Task requirements: Return the data word for word. Pictures are to be omitted.

Provided records:
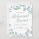 Un elegante ensayo de bodas para la cena, que complementaría una boda de invierno. Este diseño presenta un marco de hojas de eucaliptos azules polvorientos a color de agua con "cena de ensayo" con polvorientas letras azules y modernas de caligrafía. Personalice con detalles de su evento en letra gris. El reverso está en azul polvoriento sólido.
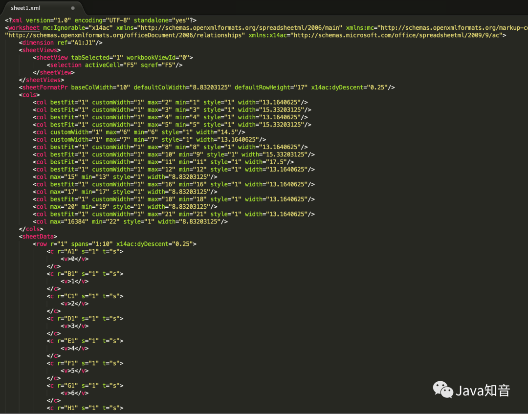 打开sheet1.xml,可以看到是描述第一个sheet的内容
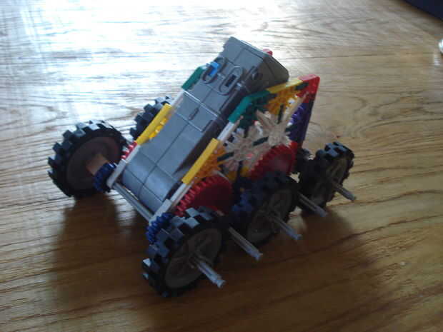 Hola, este es mi coche de sistema gyro k'nex, que es la primera vez en este sitio. El coche entero está hecho enteramente de k'nex. Utiliza un centenar k'nex piezas y ocho ruedas k'nex. Hice este coche con un diseño que vi en un coche de revista y us
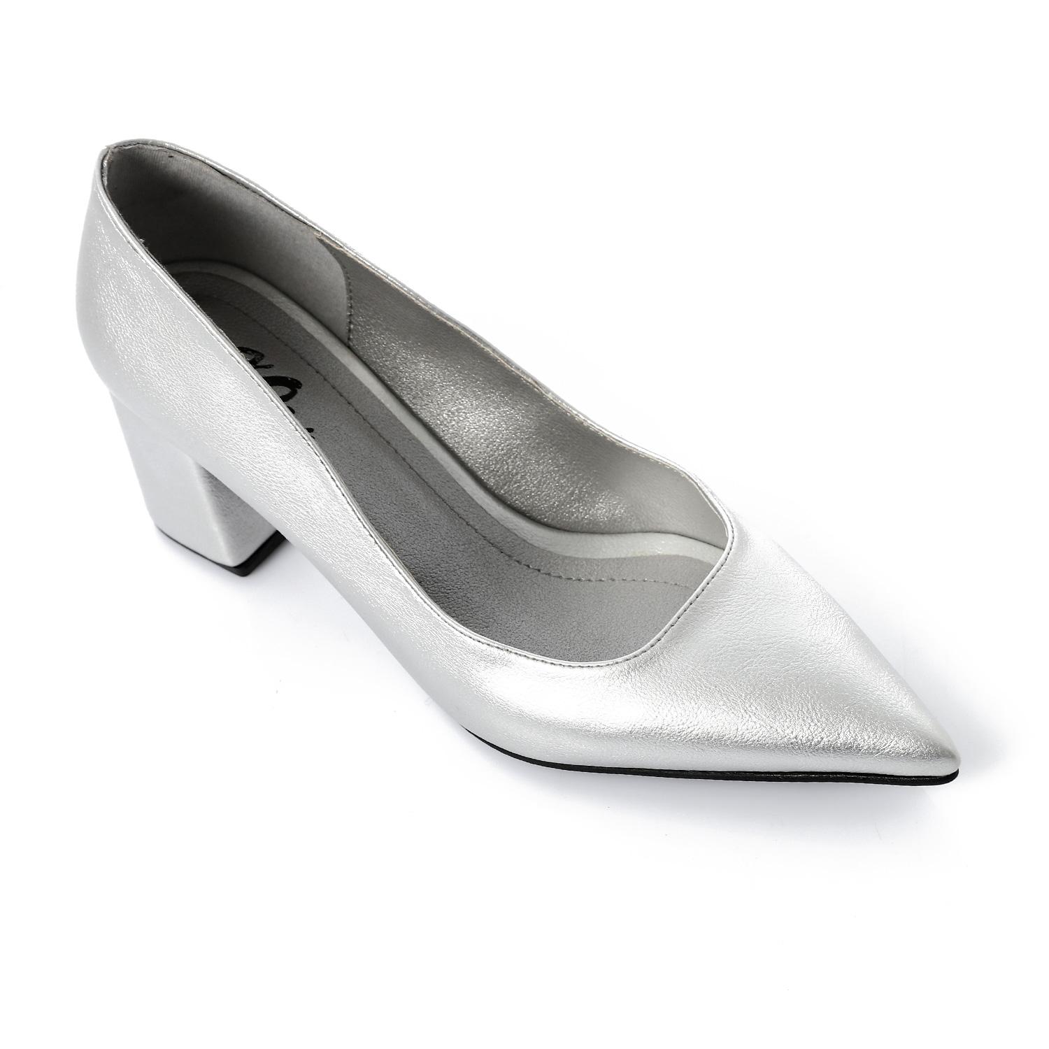 Faux Leather Solid Block Heel Pumps – Silver
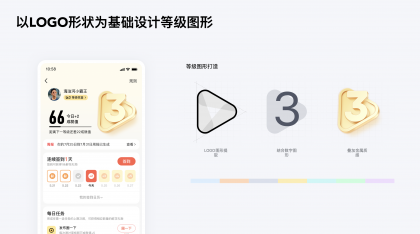 ?決定用戶(hù)動(dòng)機(jī)主要有8個(gè)核心的驅(qū)動(dòng)力:使命感、成就感、創(chuàng)造力、擁有感、社交性、稀缺感、好奇心、逃避心。因此利用用戶(hù)對(duì)于尊貴等級(jí)地位的追求進(jìn)行等級(jí)圖標(biāo)設(shè)計(jì),以LOGO形狀為基礎(chǔ)設(shè)計(jì)了等級(jí)圖形,使用辨識(shí)度和認(rèn)知成本較低的數(shù)字進(jìn)行等級(jí)彰顯,體現(xiàn)等級(jí)的遞進(jìn),同時(shí)采用不同顏色突出1至6等級(jí)的差異,高等級(jí)添加更明顯的金屬感,營(yíng)造稀有性和高貴感,同時(shí)在社交場(chǎng)景如“互動(dòng)區(qū)”、“個(gè)人中心”等,突出用戶(hù)身份。
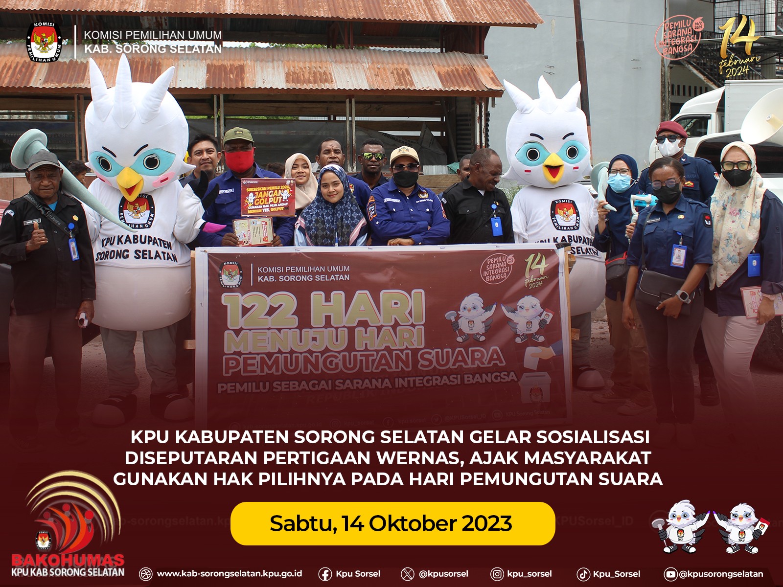 #Temanpemilih, KPU Kab. Sorong Selatan mengajak masyarakat untuk salurkan Hak Pilihnya pada hari pemungutan suara, melalui sosialisasi yang digelar pada sabtu (14/10/2023). Bertemakan 122 hari menuju hari pemungutan suara, kegiatan sosialisasi tersebut dilangsungkan di pertigaan wernas dengan target sasaran para pengendara motor dan mobil serta para pejalan kaki.
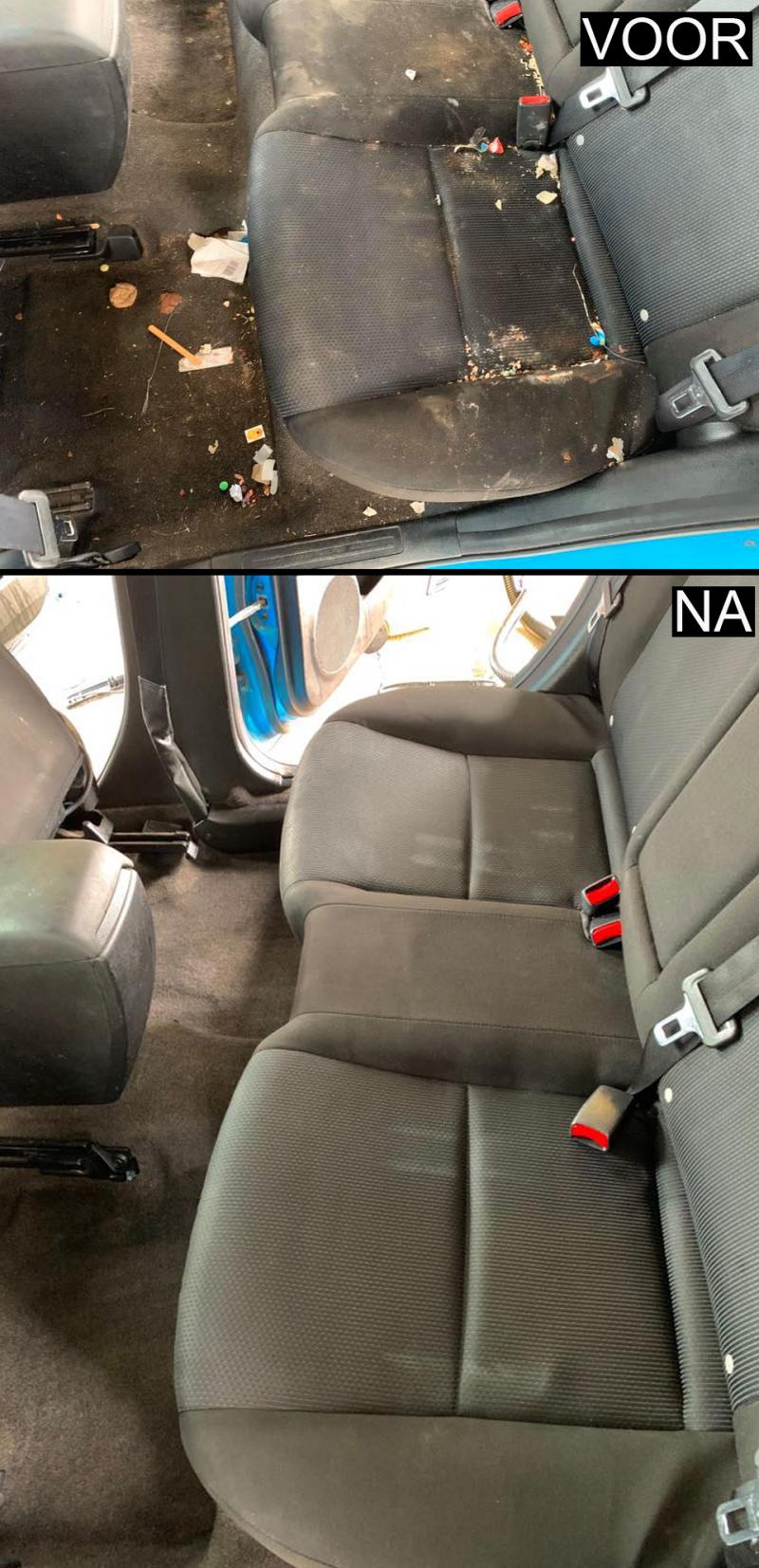 Sommige details waren niet meer te redden, zoals de restanten van babystoelen op de achterzetels. We raden klanten altijd aan om een handdoek onder babystoelen te leggen om dergelijke zetelschade te vermijden, waarschuwen ze.
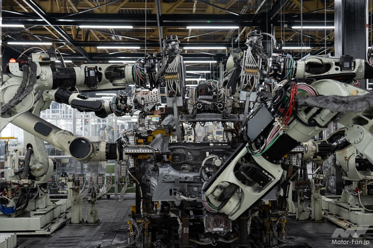 GRファクトリーでのボディ工程では、レーシングカー製作と変わらぬ手間を量産段階に持ち込んでいる。アンダーフロア溶接工程では、エンジン搭載部であるエンジンコンパートメント、座席が配置されるフロントフロア、さらにリヤフロアという3つのパネルを一枚に溶接している。溶接ロボットの脇には複数の溶接ガンが格納されており、これを交換することで一台のロボットが複数の部位の溶接を担う。
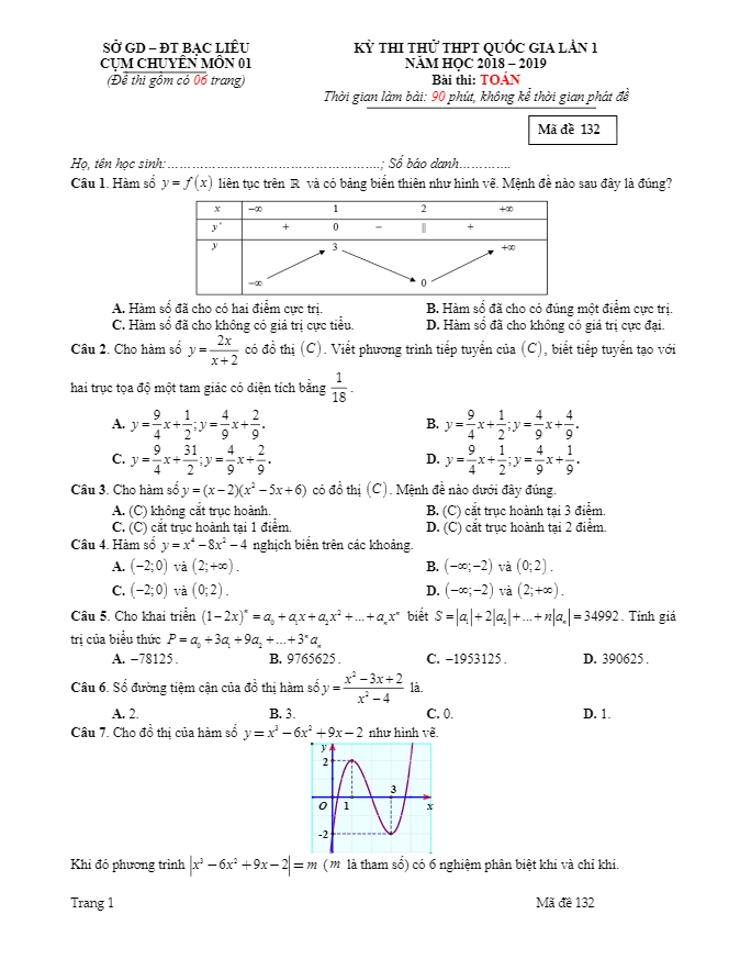 Đề thi thử THPT Quốc gia 2019 môn Toán cụm chuyên môn 01 – sở GD và ĐT Bạc Liêu lần 1
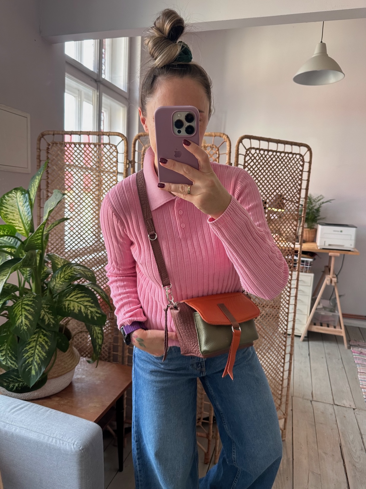 Na zewnątrz naszyta kieszonka idealna na telefon, zamykana na magnes.
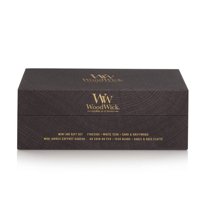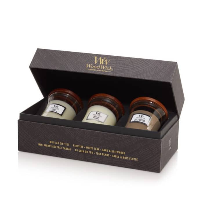 WoodWick – Elegantně zabalená pánská dárková sada s dřevitými vůněmi obsahuje malé svíčky Fireside, White Teak a Sand & Driftwood. Fireside přináší charakteristickou vůni polínek v hořícím krbu, White Teak je svěží kompozice dřevin, mechu a moře a Sand & Driftwood okouzlí vaše smysly vůní citrusů, ozónu, cedru a cypřiše. Každá svíčka zajistí až 30 hodin vůně, doprovázené jemným praskáním ikonického dřevěného knotu.
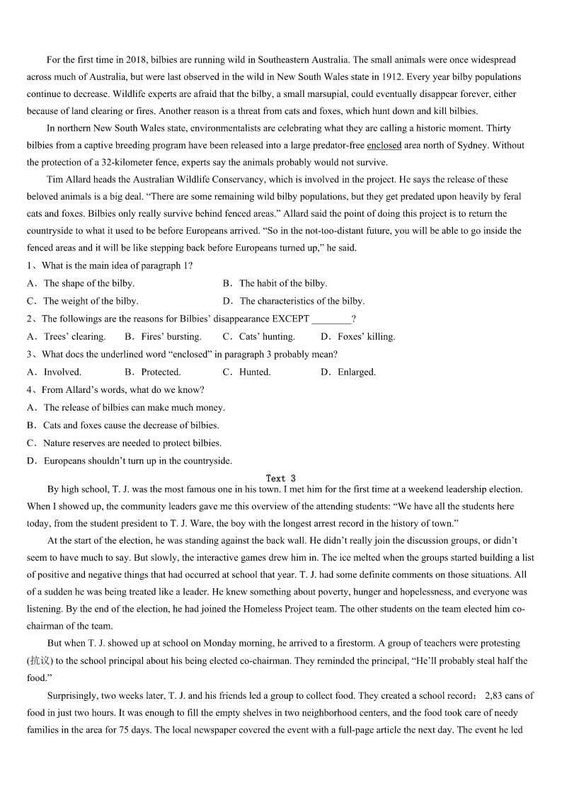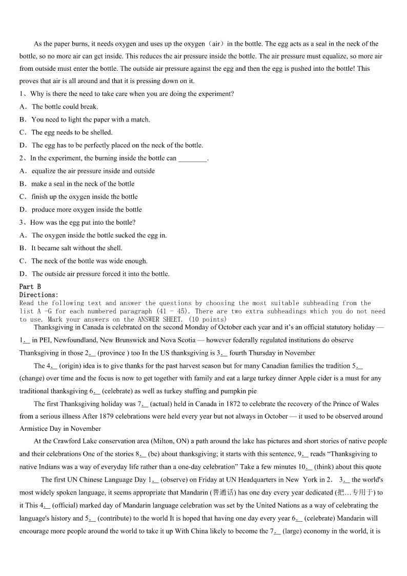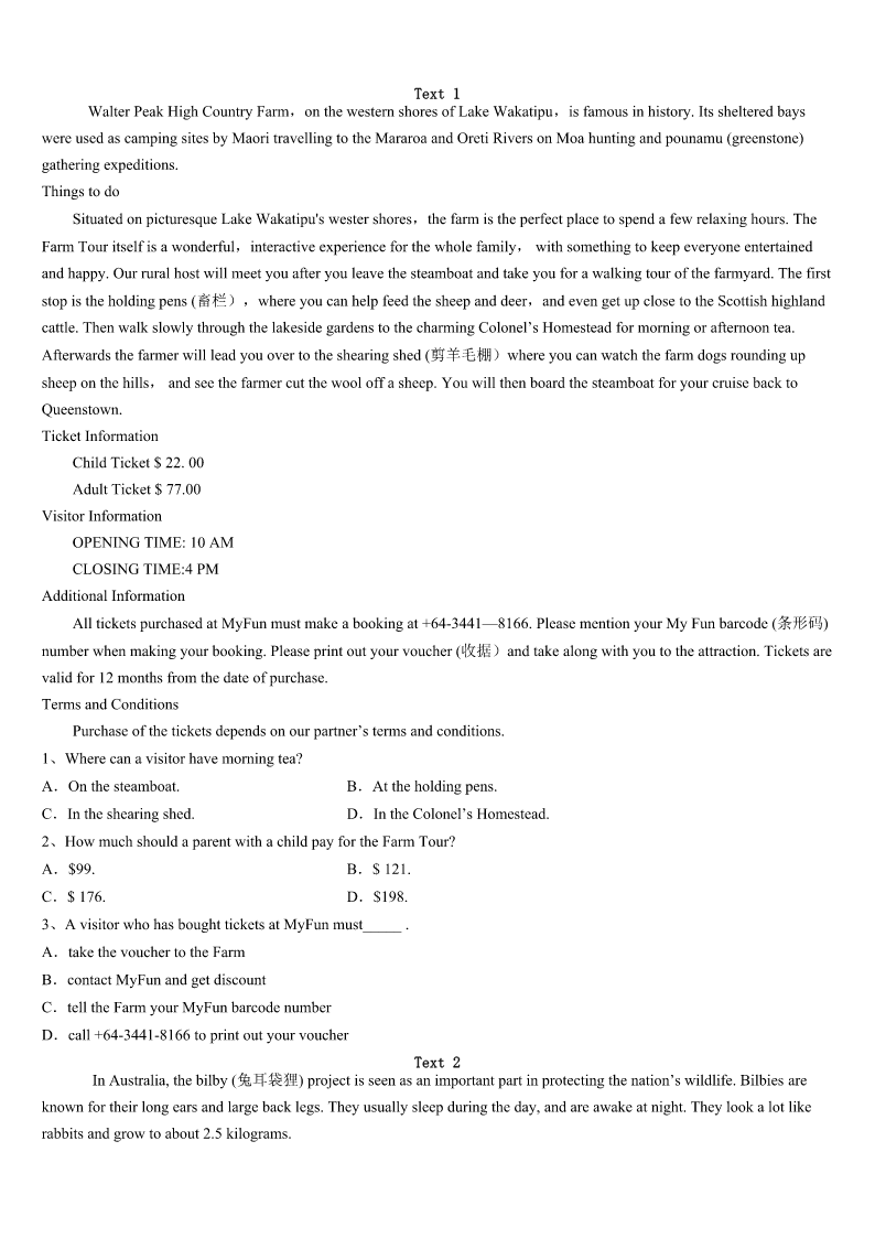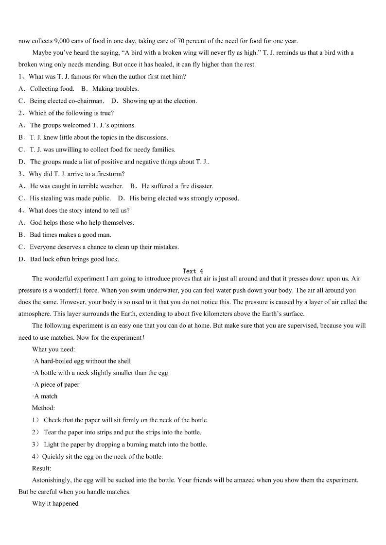 贵德县2023年考研《英语一》全真模拟试卷 SectionIUseofEnglish Directions: Readthefollowingtext.Choosethebestword(s)foreachnumberedblankandmarkA,B,CorDonthe ANSWERSHEET.(10points) Asmydaughterwasridingtoschoolwithhertwofriends,atruckpulledoutinfrontofthem.Theaccident1onMarch 11th,2007-fourdaysbeforeher16thbirthday.Shewas2inthebackseatand3themostinjuries.Shebrokeherface, neck,fourplacesonherbackandrightarmandhadbadbraininjury.The4didnotthinkshewasgoingtosurvive.Shewas known5theonlyrecoveredchildthroughoutthishospital6westayedforoverthreemonths. Ithasbeenoneyear7theaccident.Mydaughterfinally8fromthislife-changingaccident.9myknowledge,our communitychurchhadaBBQand10allraisedmoneytomydaughterforher11expenses.WhenIknowthatthe12 wasdoingforher,youcanimaginemyshock.Sinceithasbeenoneyear,fewpeopleremembermydaughterandmanypeople have13callingherandvisitingher.ByhavingtheBBQ,oursmallcommunityhasshownmydaughterthattherearepeople who14thinkofherandcareabouther. Ihopeif15knowsofsomeonewhoisina(n)16suchasthis,theywillrememberthatthe17ofbeingaloneisvery 18.Showkindnessbyvisitingor19thosewhohadalife-changingevent.Mydaughter'saccident20lessthanaminute butchangedherlife,plusourentirefamily'slifeforever. 1、A.appearedB.reachedC.happenedD.arrived 2、A.ridingB.walkingC.hurryingD.moving 3、A.acceptedB.sufferedC.refusedD.knocked 4、A.patientsB.classmatesC.doctorsD.teachers 5、A.forB.toC.asD.on 6、A.thatB.whereC.whichD.when 7、A.sinceB.beforeC.duringD.over 8、A.cameB.becameC.recoveredD.returned 9、A.UnderB.WithC.InD.Without 10、A.lentB.showedC.gaveD.borrowed 11、A.physicsB.medicalC.chemicalD.schooling 12、A.communityB.neighborC.relationD.street 13、A.forgottenB.regrettedC.stoppedD.enjoyed 14、A.alreadyB.neverC.seldomD.still 15、A.anyoneB.someoneC.nooneD.everyone 16、A.conditionB.situationC.positionD.attitude 17、A.mindB.senseC.feelingD.idea 18、A.painfulB.meaningfulC.peacefulD.doubtful 19、A.rescuingB.teachingC.directingD.calling 20、A.continuedB.lastedC.sparedD.paused SectionIIReadingComprehension PartA Directions: Readthefollo

The answer:
 Un elegante ensayo de bodas para la cena, que complementaría una boda de invierno. Este diseño presenta un marco de hojas de eucaliptos azules polvorientos a color de agua con "cena de ensayo" con polvorientas letras azules y modernas de caligrafía. Personalice con detalles de su evento en letra gris. El reverso está en azul polvoriento sólido.
 打开sheet1.xml,可以看到是描述第一个sheet的内容
 Hola, este es mi coche de sistema gyro k'nex, que es la primera vez en este sitio. El coche entero está hecho enteramente de k'nex. Utiliza un centenar k'nex piezas y ocho ruedas k'nex. Hice este coche con un diseño que vi en un coche de revista y us
 Faux Leather Solid Block Heel Pumps – Silver
 ?決定用戶(hù)動(dòng)機(jī)主要有8個(gè)核心的驅(qū)動(dòng)力:使命感、成就感、創(chuàng)造力、擁有感、社交性、稀缺感、好奇心、逃避心。因此利用用戶(hù)對(duì)于尊貴等級(jí)地位的追求進(jìn)行等級(jí)圖標(biāo)設(shè)計(jì),以LOGO形狀為基礎(chǔ)設(shè)計(jì)了等級(jí)圖形,使用辨識(shí)度和認(rèn)知成本較低的數(shù)字進(jìn)行等級(jí)彰顯,體現(xiàn)等級(jí)的遞進(jìn),同時(shí)采用不同顏色突出1至6等級(jí)的差異,高等級(jí)添加更明顯的金屬感,營(yíng)造稀有性和高貴感,同時(shí)在社交場(chǎng)景如“互動(dòng)區(qū)”、“個(gè)人中心”等,突出用戶(hù)身份。
 #Temanpemilih, KPU Kab. Sorong Selatan mengajak masyarakat untuk salurkan Hak Pilihnya pada hari pemungutan suara, melalui sosialisasi yang digelar pada sabtu (14/10/2023). Bertemakan 122 hari menuju hari pemungutan suara, kegiatan sosialisasi tersebut dilangsungkan di pertigaan wernas dengan target sasaran para pengendara motor dan mobil serta para pejalan kaki.
 Sommige details waren niet meer te redden, zoals de restanten van babystoelen op de achterzetels. We raden klanten altijd aan om een handdoek onder babystoelen te leggen om dergelijke zetelschade te vermijden, waarschuwen ze.
 GRファクトリーでのボディ工程では、レーシングカー製作と変わらぬ手間を量産段階に持ち込んでいる。アンダーフロア溶接工程では、エンジン搭載部であるエンジンコンパートメント、座席が配置されるフロントフロア、さらにリヤフロアという3つのパネルを一枚に溶接している。溶接ロボットの脇には複数の溶接ガンが格納されており、これを交換することで一台のロボットが複数の部位の溶接を担う。
 Đề thi thử THPT Quốc gia 2019 môn Toán cụm chuyên môn 01 – sở GD và ĐT Bạc Liêu lần 1
 Na zewnątrz naszyta kieszonka idealna na telefon, zamykana na magnes.
 WoodWick – Elegantně zabalená pánská dárková sada s dřevitými vůněmi obsahuje malé svíčky Fireside, White Teak a Sand & Driftwood. Fireside přináší charakteristickou vůni polínek v hořícím krbu, White Teak je svěží kompozice dřevin, mechu a moře a Sand & Driftwood okouzlí vaše smysly vůní citrusů, ozónu, cedru a cypřiše. Každá svíčka zajistí až 30 hodin vůně, doprovázené jemným praskáním ikonického dřevěného knotu.
 贵德县2023年考研《英语一》全真模拟试卷 SectionIUseofEnglish Directions: Readthefollowingtext.Choosethebestword(s)foreachnumberedblankandmarkA,B,CorDonthe ANSWERSHEET.(10points) Asmydaughterwasridingtoschoolwithhertwofriends,atruckpulledoutinfrontofthem.Theaccident1onMarch 11th,2007-fourdaysbeforeher16thbirthday.Shewas2inthebackseatand3themostinjuries.Shebrokeherface, neck,fourplacesonherbackandrightarmandhadbadbraininjury.The4didnotthinkshewasgoingtosurvive.Shewas known5theonlyrecoveredchildthroughoutthishospital6westayedforoverthreemonths. Ithasbeenoneyear7theaccident.Mydaughterfinally8fromthislife-changingaccident.9myknowledge,our communitychurchhadaBBQand10allraisedmoneytomydaughterforher11expenses.WhenIknowthatthe12 wasdoingforher,youcanimaginemyshock.Sinceithasbeenoneyear,fewpeopleremembermydaughterandmanypeople have13callingherandvisitingher.ByhavingtheBBQ,oursmallcommunityhasshownmydaughterthattherearepeople who14thinkofherandcareabouther. Ihopeif15knowsofsomeonewhoisina(n)16suchasthis,theywillrememberthatthe17ofbeingaloneisvery 18.Showkindnessbyvisitingor19thosewhohadalife-changingevent.Mydaughter'saccident20lessthanaminute butchangedherlife,plusourentirefamily'slifeforever. 1、A.appearedB.reachedC.happenedD.arrived 2、A.ridingB.walkingC.hurryingD.moving 3、A.acceptedB.sufferedC.refusedD.knocked 4、A.patientsB.classmatesC.doctorsD.teachers 5、A.forB.toC.asD.on 6、A.thatB.whereC.whichD.when 7、A.sinceB.beforeC.duringD.over 8、A.cameB.becameC.recoveredD.returned 9、A.UnderB.WithC.InD.Without 10、A.lentB.showedC.gaveD.borrowed 11、A.physicsB.medicalC.chemicalD.schooling 12、A.communityB.neighborC.relationD.street 13、A.forgottenB.regrettedC.stoppedD.enjoyed 14、A.alreadyB.neverC.seldomD.still 15、A.anyoneB.someoneC.nooneD.everyone 16、A.conditionB.situationC.positionD.attitude 17、A.mindB.senseC.feelingD.idea 18、A.painfulB.meaningfulC.peacefulD.doubtful 19、A.rescuingB.teachingC.directingD.calling 20、A.continuedB.lastedC.sparedD.paused SectionIIReadingComprehension PartA Directions: Readthefollo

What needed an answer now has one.